El crítico de cine, Ernesto Ayala, quien aún no habla, presentará su reciente libro, Cine chileno del siglo XXI: ¿Qué película le gustaría volver a ver? (Ediciones Tácitas, 2020). En la instancia vía Zoom, se encuentran su editor Adán Méndez como moderador y el entrevistador, que también se especializa en la crítica cinematográfica, Ascanio Cavallo.
“Me parece un libro sorprendente”, comenta Cavallo, quien describe a Cine chileno del siglo XXI: ¿Qué película le gustaría volver a ver? como una obra que sigue la evolución que ha experimentado el “séptimo arte” local durante los últimos veinte años. El entrevistador siente que es un libro orgánico y coherente, que presenta decenas de críticas publicadas entre 2003 y 2019 para El Mercurio, sobre los distintos estrenos que han ido apareciendo, de hecho, la película Araña (Andrés Wood) y el documental Lemebel (Joanna Reposi) son las producciones más recientes que aparecen comentadas.
Además, la obra incluye cinco “pausas y evaluaciones” en que Ayala reflexiona respecto a los momentos que ha vivido la cinematográfica chilena en las últimas dos décadas. “Lo que tenemos es una visión bien completa, compleja y novedosa”, dice Cavallo. “Aunque no demasiado optimista, más bien lo contrario”.
Por ahora Ayala luce silente. Y Cavallo le habla, le dice que quiere partir provocándolo. Le comenta que en el libro menciona un escaso interés por los estrenos que han sido bastante premiados en los últimos años, como es el caso Una mujer fantástica (Sebastián Lelio, 2017), filme del cual dice —según el libro—, que “como historia que denuncia a la sociedad chilena como conservadora y discriminadora, la cinta anota sus puntos, pero no tiene la intensidad dramática que exige ese tipo de cine”; Gloria (Lelio, 2013), película en que Ayala se pregunta si la protagonista merecía, acaso, un desenlace más feliz; y El club (Pablo Larraín, 2015) que la describe como “una cinta que lleva sombríamente al paredón a cada uno de sus personajes, con la idea que los espectadores podamos lanzarles piedras sin la menor culpa (aunque quizá con poco ánimo)”. Sí muestra más valoración hacia La nana (Sebastián Silva, 2009), la cual considera que ha sido injustamente tratada.
—Con mi limitada capacidad perceptiva —habla Ayala—, me hubiera gustado que mi análisis me hiciera sentir entusiasmo por las películas que han tenido prestigio internacional.

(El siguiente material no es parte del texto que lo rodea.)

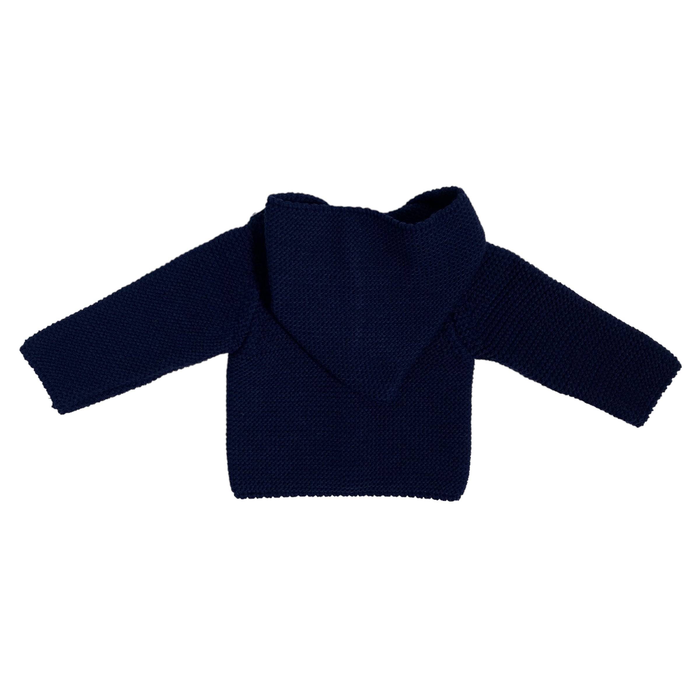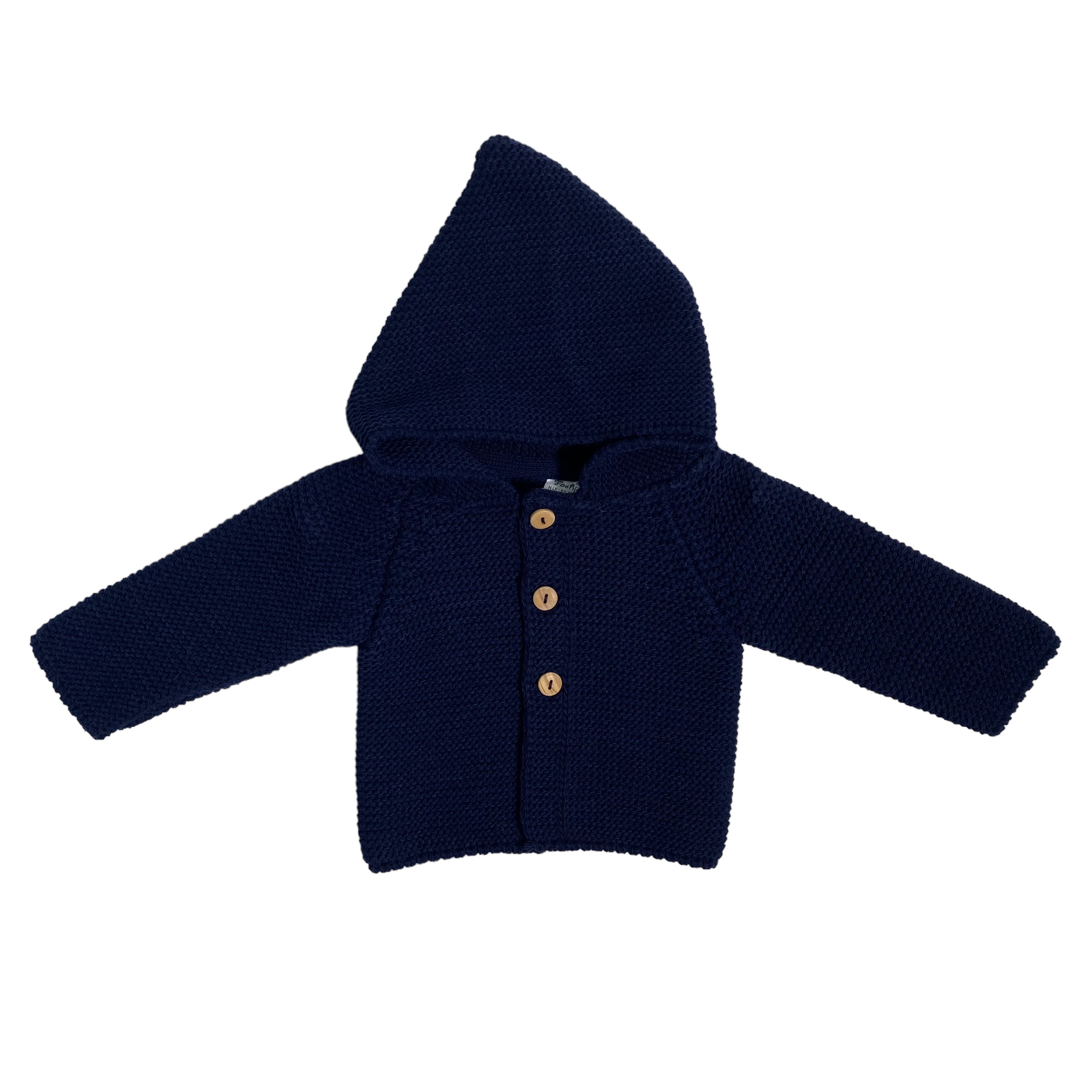 Strickjacke mit Kapuze, aus hypoallergenem Acrylstoff, mit Verschluss mit Holzknöpfen.
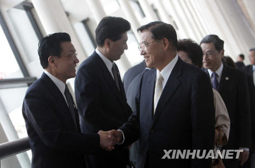 4月29日,江丙坤(右)与前来送行的海协会驻会副会长李炳才握手道别。新华社记者邢广利 摄

Dice que siempre intenta analizar los filmes sinceramente, abstrayéndose de la coyuntura. “Soy periodista, he intentado mantenerme aislado del ruido que se genera en torno a cada película, y analizarla en su mérito”. Es consciente de que muchas veces puede haberse equivocado, pero sostiene que generalmente el cine de Larraín no le atrae demasiado y que con Lelio tiene “algunas idas y venidas”.
En Cine chileno del siglo XXI: ¿Qué película le gustaría volver a ver?, al igual que el crítico argentino Eduardo Antin (Quintín), Ayala plantea que, muchas veces, los cineastas chilenos “tratan muy mal a su propia sociedad, a su propio mundo, y lo miran con mucho desprecio: una mirada muy adusta y sombría sobre la sociedad chilena”, dice Ayala. Esa percepción choca con la visión que el autor tiene de qué debiese ser el cine. Él sigue la línea de los directores franceses François Truffaut y Jean-Luc Godard: para Ayala, la experiencia de un filme debe representar cierto goce, “una celebración de lo que se pone delante de la cámara”; teme sonar cursi, pero siente que el objetivo es captar “lo luminoso de la vida”:
—En el cine hay algo de acto de amor, y uno ve eso en el cine clásico y en las grandes películas que provocan entusiasmo real —dice—. Sino para qué hacer tanto ruido, tanto movimiento de gente y tanta plata que se gasta.
Es una visión de la que Ayala no ha podido despegarse. No quiere generalizar, pero siente que cierto sector de la industria nacional, que suele ser el más prestigioso, no comparte esa concepción. “A mí me acusan de que el cine chileno no me gusta, pero yo puedo acusar a los cineastas de que a ellos no les gusta Chile”, dice. Él piensa que hay una deuda en ese sentido.
El cine como acto de amor
“Creo que el cine chileno tiene esa impronta, sórdida y cruel, sobre sí mismo, sobre la sociedad y sobre todo”, dijo el crítico Quintín en una entrevista a La Tercera en octubre del 2014. “Aunque sean comedias y cosas ligeras, siempre terminan quejándose de algo y haciendo un cine muy vetusto”.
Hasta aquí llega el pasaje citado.